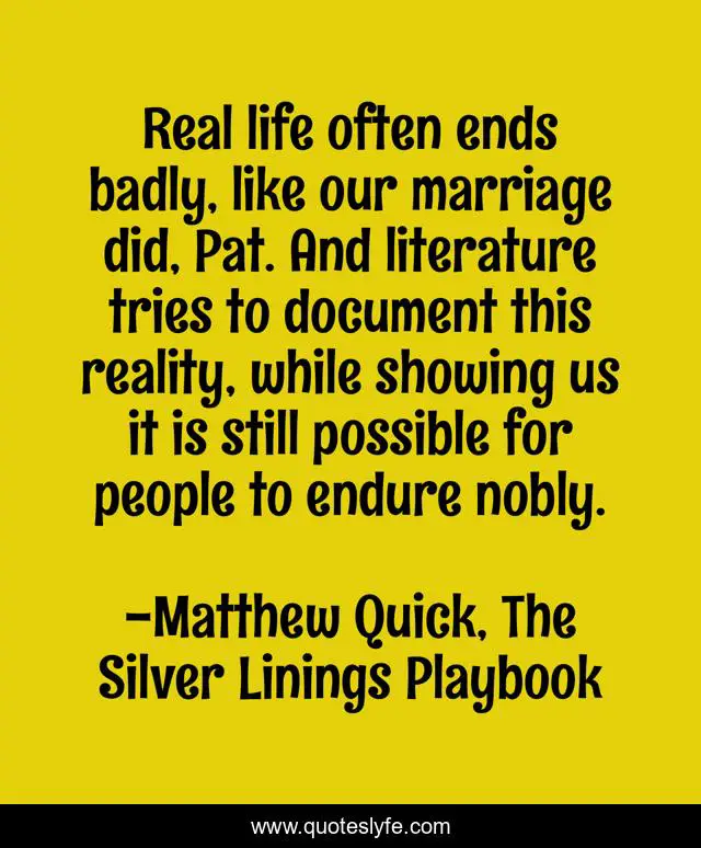 This page presents the quote "Real life often ends badly, like our marriage did, Pat. And literature tries to document this reality, while showing us it is still possible for people to endure nobly.". Author of this quote is Matthew Quick, The Silver Linings Playbook. This quote is about advice, literature, real-life,.
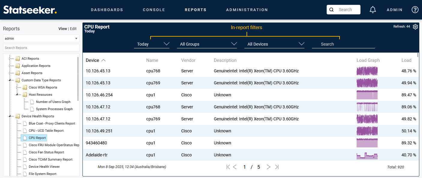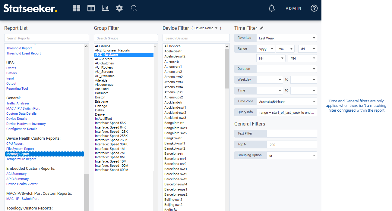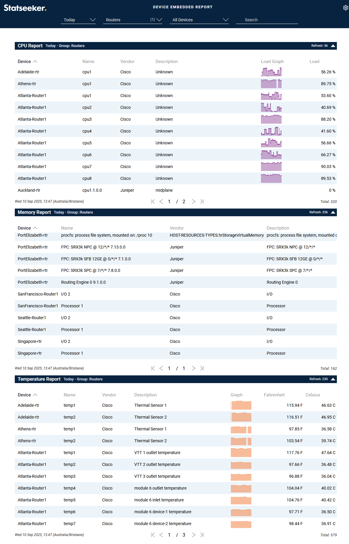 Statseeker Reporting allows you to create reports targeting any data available to Statseeker and present that information in a tabular or graphical report. Once created, reports:
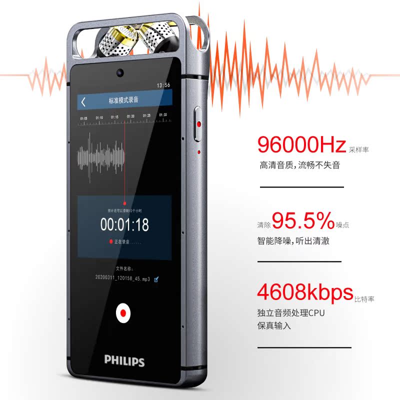 774 Philips VTR9100 Recording Pen ai Intelligent Professional HD Noise Reduction Can be transferred to text Transcript Pen Minutes Interview Face Recognition Encryption Unlock Long Standby Large Capacity
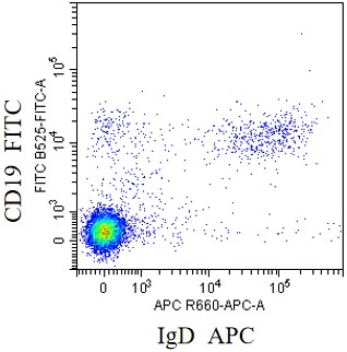 • Staining of normal human peripheral blood mononuclear cells (PBMCs) using FITC Anti-CD19 Antibody and APC Anti-Human IgD Antibody (Clone: IA6-2) (Product No.: H3693). Analyzed data are derived from lymphocytes.
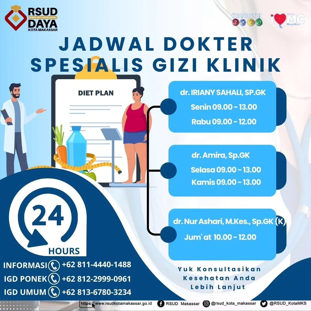 Jadwal dokter spesialis Gizi Klinik RSUD Daya Makassar :
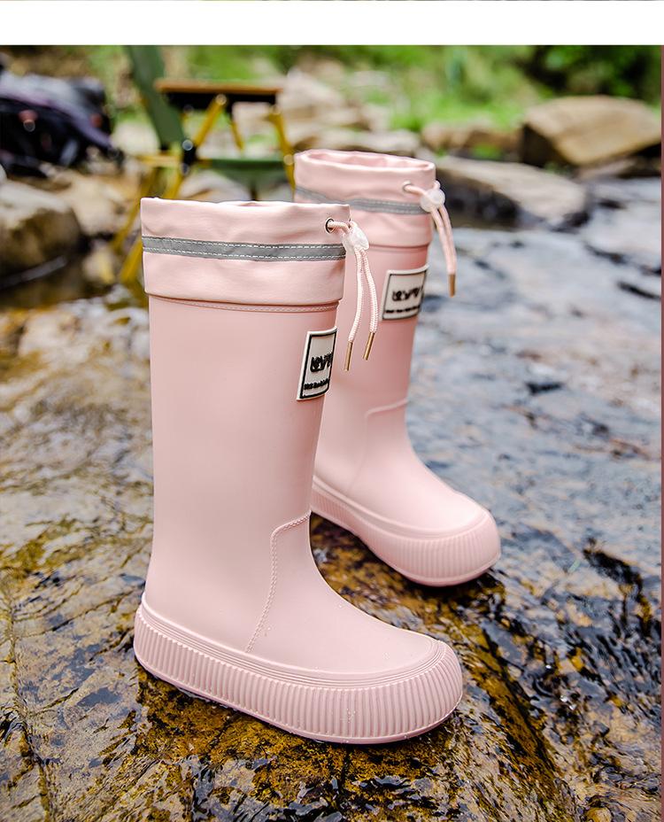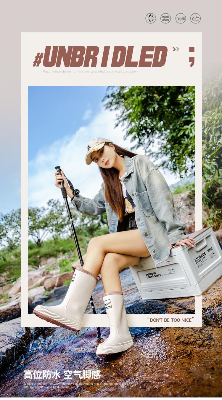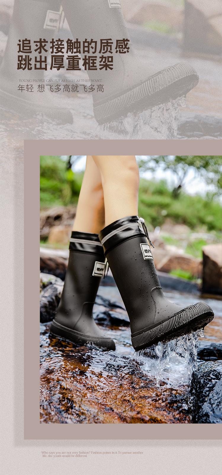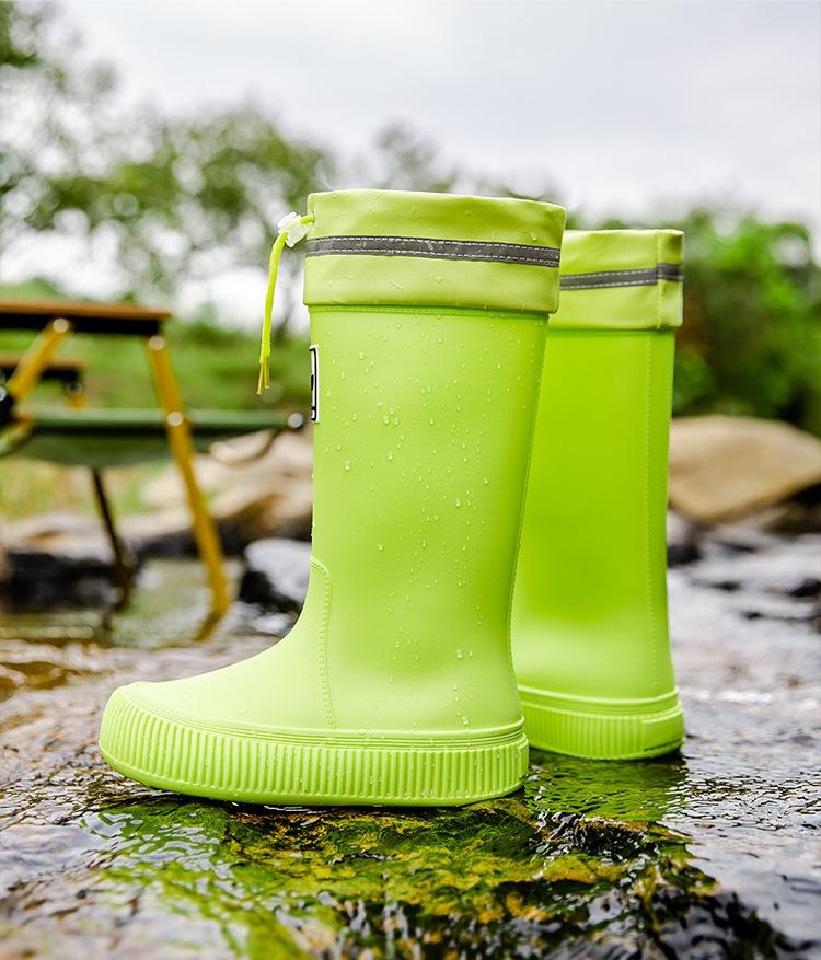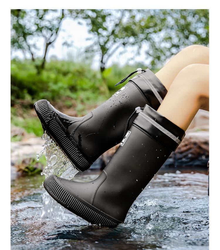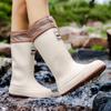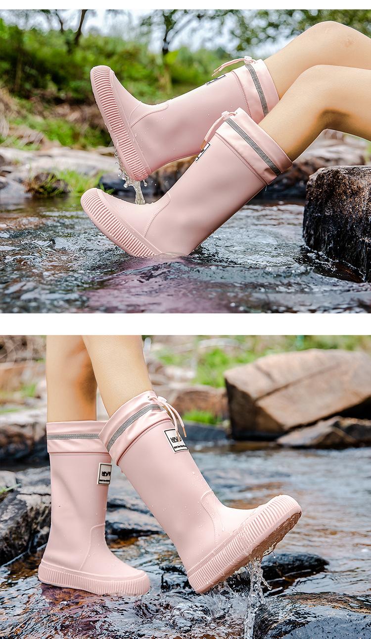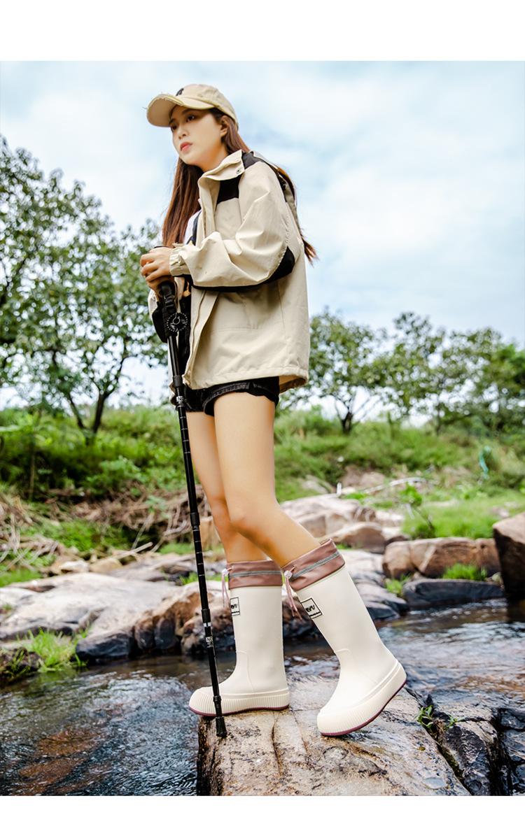 Nuevas botas de lluvia de moda con suela gruesa y alta para mujer, calzado exterior antideslizante, botas de lluvia cálidas, zapatos de goma impermeables, venta al por mayor
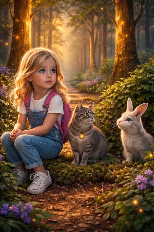 Коли вона відкрила очі, перед нею знову був чарівний ліс: високі золотисті дерева, м’яке світло, квіти й світлячки, а десь поруч тихо дзюрчала вода.
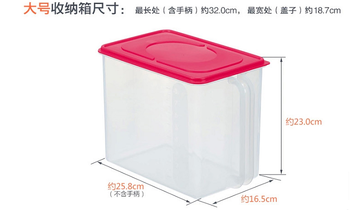 用途:用于儲藏大米、食品、干貨等,帶把手設(shè)計(jì),使用方便,抗菌加工,抑制細(xì)菌增長,安全衛(wèi)生,體積小不占空間;帶蓋設(shè)計(jì),可保持存放食材的衛(wèi)生;同時(shí)可以疊加放置,節(jié)約空間。容量大,也可用于廚房面粉等其它五谷雜糧等的儲放。
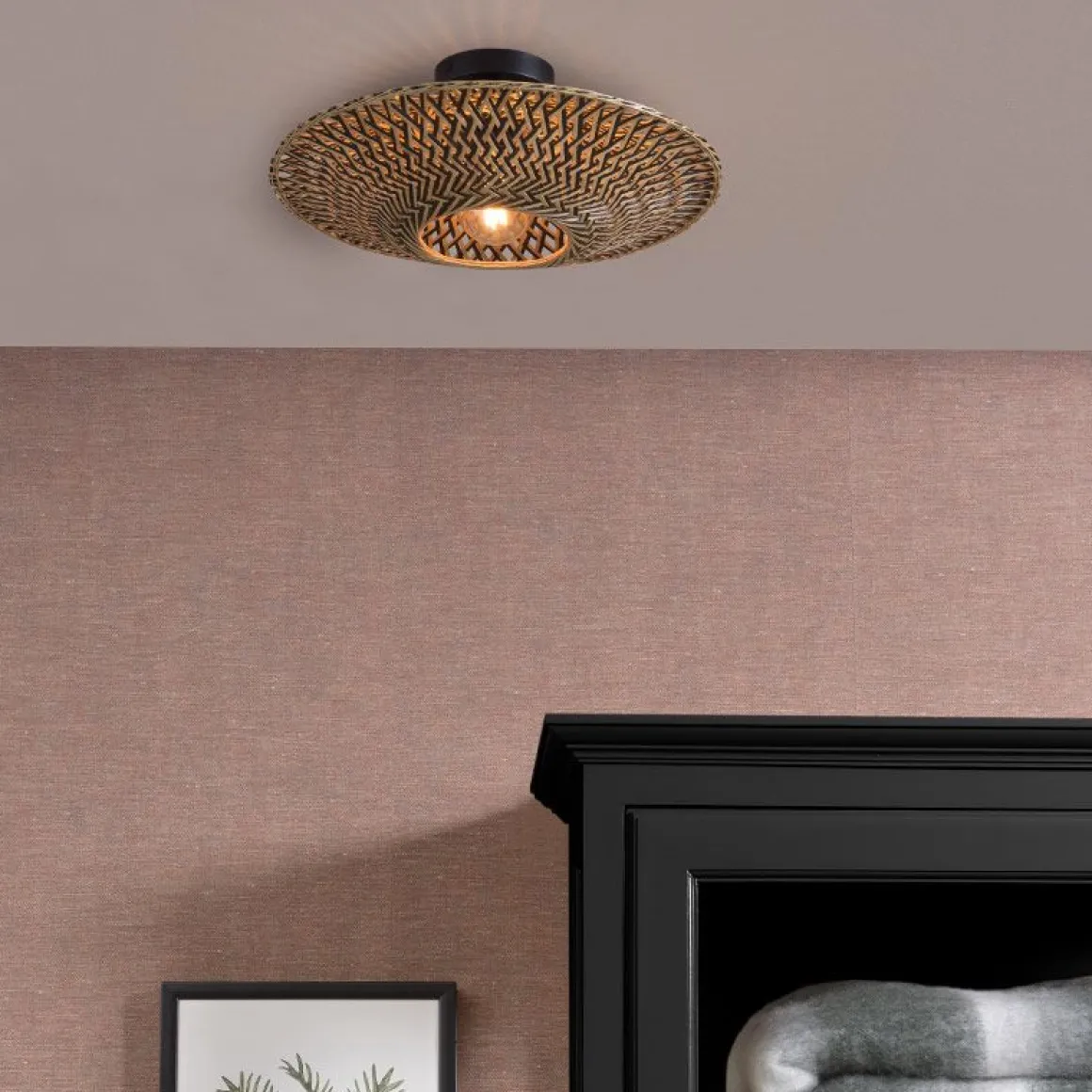 Plafonniers en bambou Bali tissés à la main en dises plats en trois tailles.
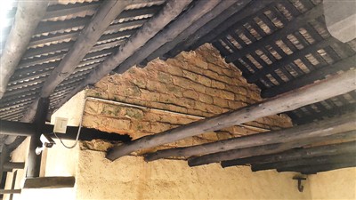 2021年进行修缮时,对毛泽东同志故居柴房屋顶进行了防腐、防虫处理。宋 斌摄
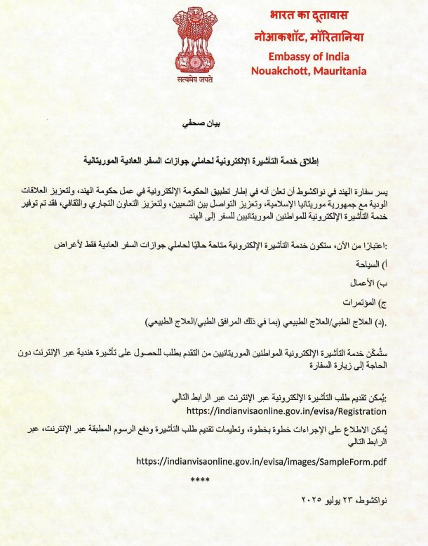 أعلنت سفارةُ الهند في نواكشوط عن إطلاق خدمة التأشيرة الإلكترونية لحاملي جوازات السفر العادية الموريتانية.
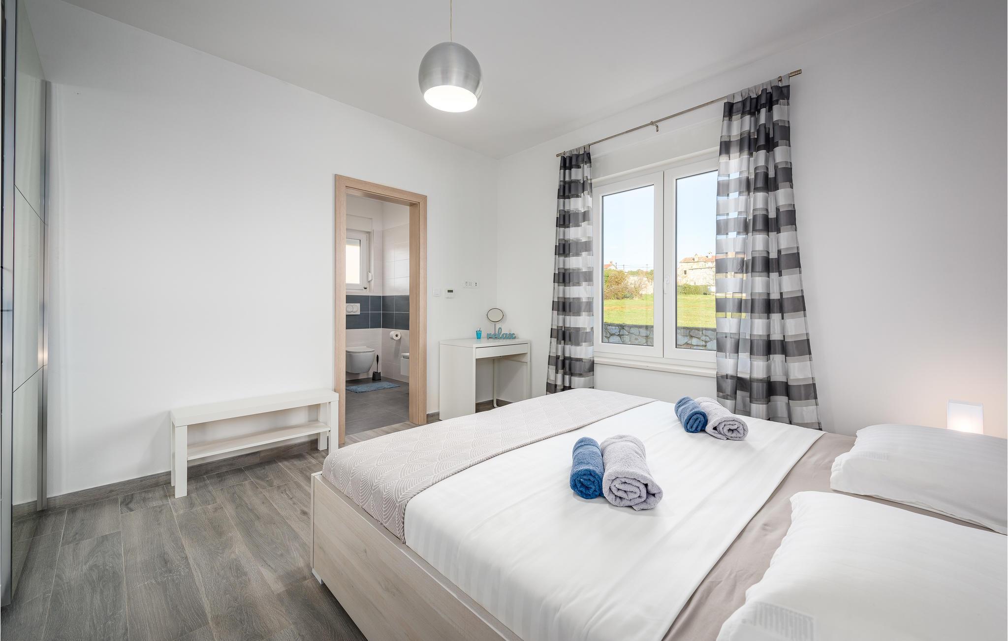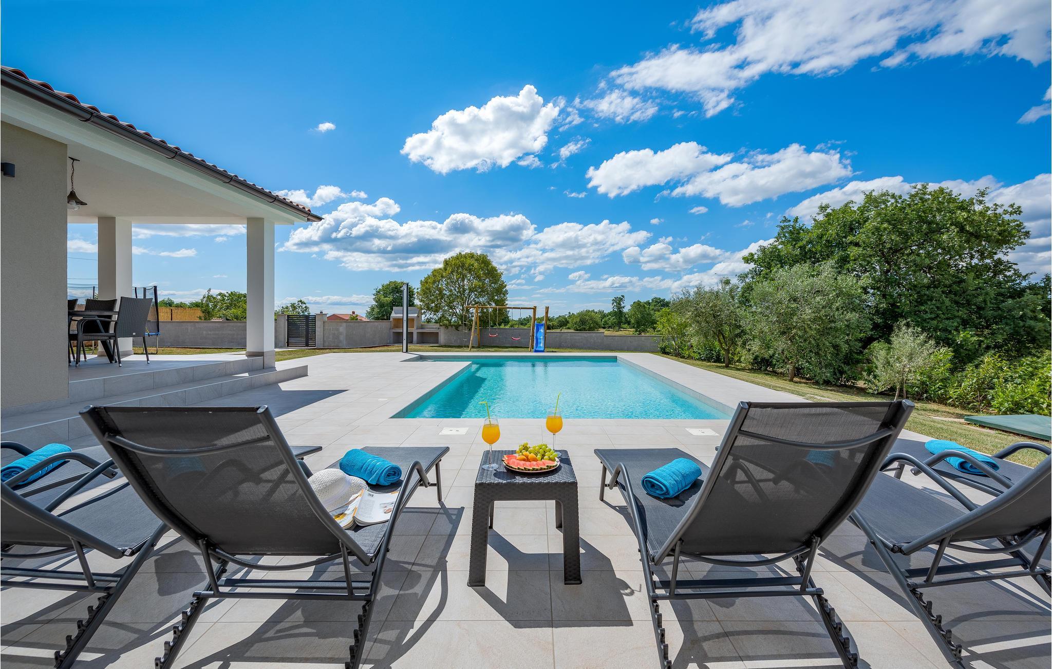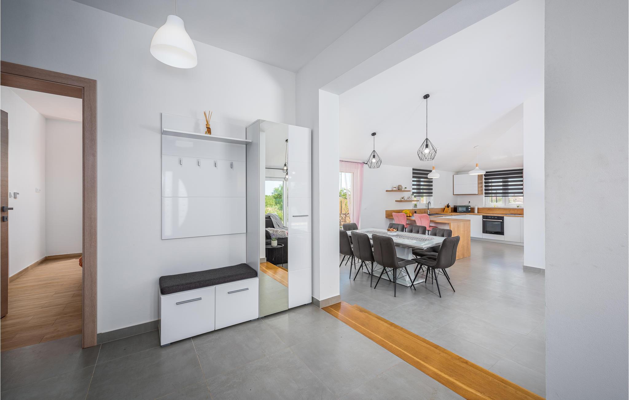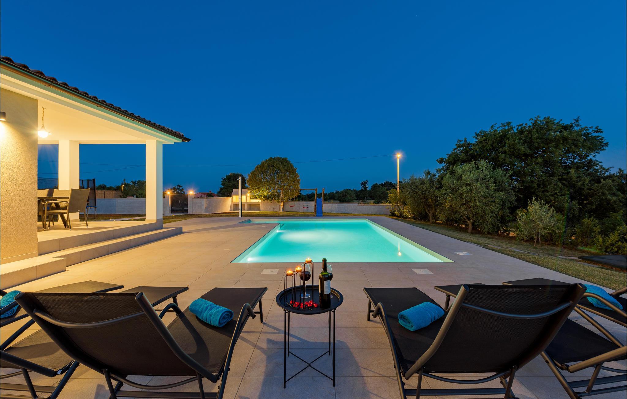 Verbringen Sie einen erholsamen Urlaub mit Familie und Freunden in diesem von viel Grün umgebenen Ferienhaus, das sich im kleinen Dorf Orihi, in der Nähe von Barban, befindet. Es ist schön eingerichtet und mit allem ausgestattet, was für einen angenehmen Aufenthalt benötigt wird. Der gepflegte Garten lädt zum Verweilen im Freien ein, egal ob Sie im Pool schwimmen oder köstliche Mahlzeiten am Grill zubereiten und anschließend gemeinsam auf der Terrasse sitzen. Aktivurlauber haben die Möglichkeit den Glavani Adrenalin Park und die Barba Tone Ranch in Manjadvorci zu besuchen. Die nächsten Strände finden Sie in den Orten Rakalj und Krnicki Porat.
----------
What is needed is an exact copy of the lines from the start of the listing above through the line that holds "أعلنت سفارةُ الهند", with the pictures left out.

 This page presents the quote "Real life often ends badly, like our marriage did, Pat. And literature tries to document this reality, while showing us it is still possible for people to endure nobly.". Author of this quote is Matthew Quick, The Silver Linings Playbook. This quote is about advice, literature, real-life,.
 Statseeker Reporting allows you to create reports targeting any data available to Statseeker and present that information in a tabular or graphical report. Once created, reports:
 774 Philips VTR9100 Recording Pen ai Intelligent Professional HD Noise Reduction Can be transferred to text Transcript Pen Minutes Interview Face Recognition Encryption Unlock Long Standby Large Capacity
 • Staining of normal human peripheral blood mononuclear cells (PBMCs) using FITC Anti-CD19 Antibody and APC Anti-Human IgD Antibody (Clone: IA6-2) (Product No.: H3693). Analyzed data are derived from lymphocytes.
 Jadwal dokter spesialis Gizi Klinik RSUD Daya Makassar :
 Nuevas botas de lluvia de moda con suela gruesa y alta para mujer, calzado exterior antideslizante, botas de lluvia cálidas, zapatos de goma impermeables, venta al por mayor
 Коли вона відкрила очі, перед нею знову був чарівний ліс: високі золотисті дерева, м’яке світло, квіти й світлячки, а десь поруч тихо дзюрчала вода.
 用途:用于儲藏大米、食品、干貨等,帶把手設(shè)計(jì),使用方便,抗菌加工,抑制細(xì)菌增長,安全衛(wèi)生,體積小不占空間;帶蓋設(shè)計(jì),可保持存放食材的衛(wèi)生;同時(shí)可以疊加放置,節(jié)約空間。容量大,也可用于廚房面粉等其它五谷雜糧等的儲放。
 Plafonniers en bambou Bali tissés à la main en dises plats en trois tailles.
 2021年进行修缮时,对毛泽东同志故居柴房屋顶进行了防腐、防虫处理。宋 斌摄
 أعلنت سفارةُ الهند في نواكشوط عن إطلاق خدمة التأشيرة الإلكترونية لحاملي جوازات السفر العادية الموريتانية.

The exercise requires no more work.